Tomatoesgreenspun.com : LUSENET : Freedom! self reliance : One Thread
I know the books all say to plant tomatoes about 24" apart, and that is what I've always done. If you have really, really rich soil and water the plants, can you plant them closer than that and have them still produce good crops? I was thinking about fencing in part of the horse pen and planting tomatoes, corn and melons there and would like to get as much mileage as I can from the area.
Also, do you personally think you get the best yields from staked or unstaked tomatoes? I thought from staked ones, but would like your ideas on it.

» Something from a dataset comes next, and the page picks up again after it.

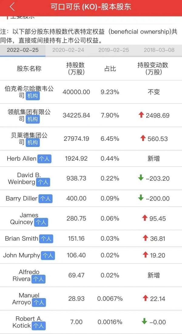 并且,“股神”沃伦·巴菲特对可口可乐公司相当“长情”,自巴菲特从1988年买入之后,一直坚定持有。截至去年底,沃伦·巴菲特旗下公司伯克希尔·哈撒韦持有可口可乐公司9.23%的股份。

-- Green (email@example.com), April 10, 2001
I plant mine closer and farther (just depends on what variety,romas usually go closer), and always stake them, that way when it rains, they don't spoil in the mud, or soggy mulch and easier to pick. Aaahh! can't wait, an Indiana tomato, well it'll be well into July probably, but then in Indiana you never know about the weather.
-- Cindy (SE In) (firstname.lastname@example.org), April 10, 2001.

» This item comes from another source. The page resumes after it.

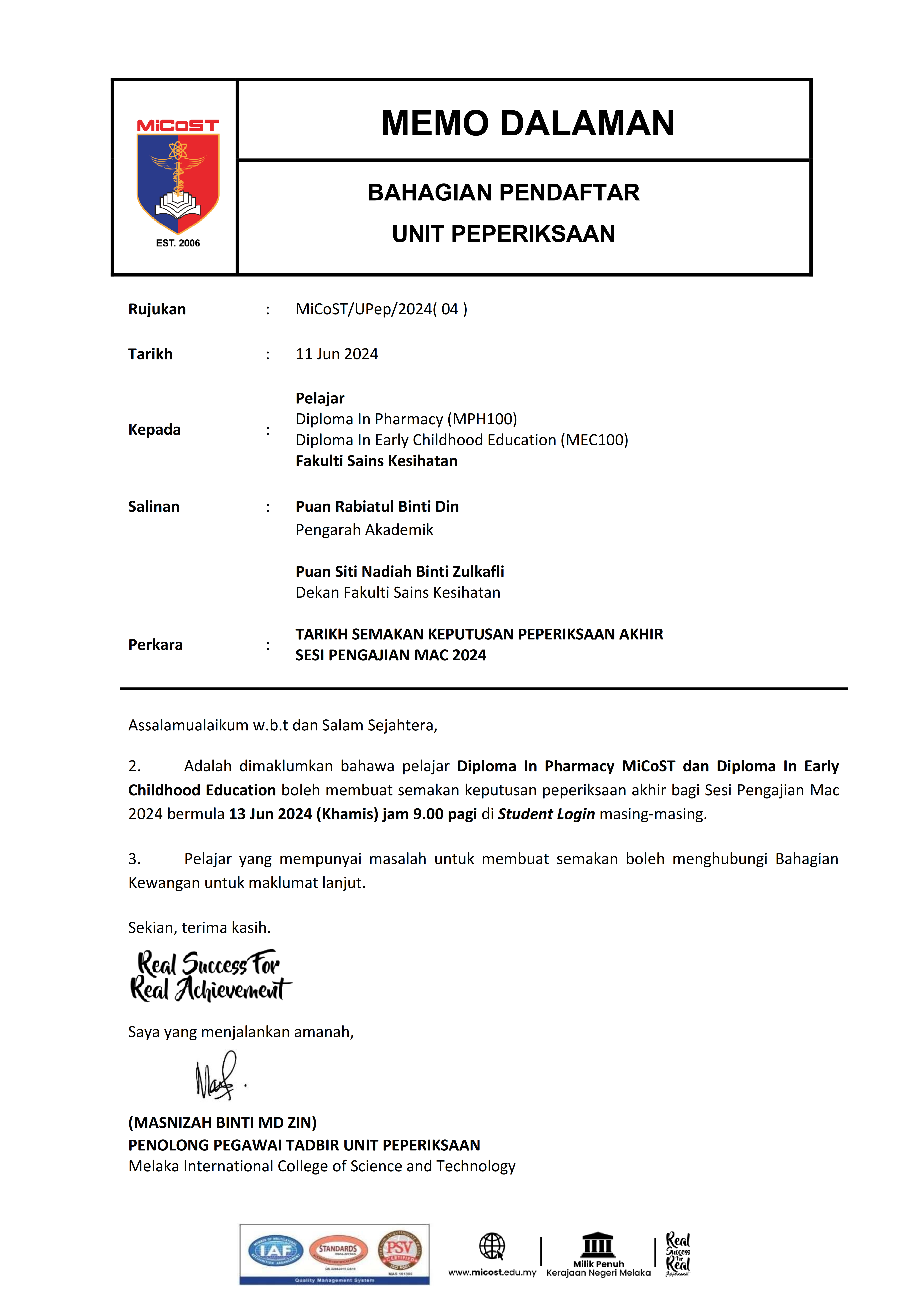 MEMO SEMAKAN TARIKH KEPUTUSAN PEPERIKSAAN AKHIR (DIPLOMA IN PHARMACY DAN DIPLOMA IN EARLY CHILDHOOD EDUCATION)

It kind of depends on the variety. if it is a small determinate plant you can plant closer and unstaked. Big tall productive types need more space and big cages or stakes. I planted ours too close together last year, they were just loaded with tomatoes, but they never matured. They didn't get enough sunlight to ripen, because of the shade from all the leaves. I should have picked them all green but a frost hit them all and we lost the entire crop. This year we will be planting fewer plants, farther apart, and in BIG cages, not the wimpy kind from the store.
-- Rebekah (email@example.com), April 10, 2001.
I plant mine at varying distances depending on variety, but I smack 'em close for the most part. About 20" on the larger varieties and I usually use bits of cattle panel to trellis them. Planting them closer helps to keep the soil cooler and the weeds down, but you have to make sure that there is enough ventilation for them too. I plant on diagonals and my yields have been really good, except for last year...hoppers, my lament. But if you cut of the suckers and trellis them they seem to put out just fine.
-- Dreen (firstname.lastname@example.org), April 10, 2001.
I guess I am REALLY strange. I plant mine next to 9'(above the ground) wooden stakes and they go in at 8" apart. I also do not plant in traditional rows... I go 8" on center, planting that way for about 2' and then a path and another 2'. It sort of gets planted like a tic-tac-toe board... Takes a lot of work to keep them tied up, though. The folks I learned from plant their's to grow vertical and only space them 4" apart... I've never tried that.
-- Sue Diederich (email@example.com), April 12, 2001.
I neglected to stake some of my tomatoes last year and most of them rotted on the ground:-( Course, they were the big ones.
-- mary, texas (firstname.lastname@example.org), April 13, 2001.
Sue, what part of the country do you live in? You must get a good bit of rain.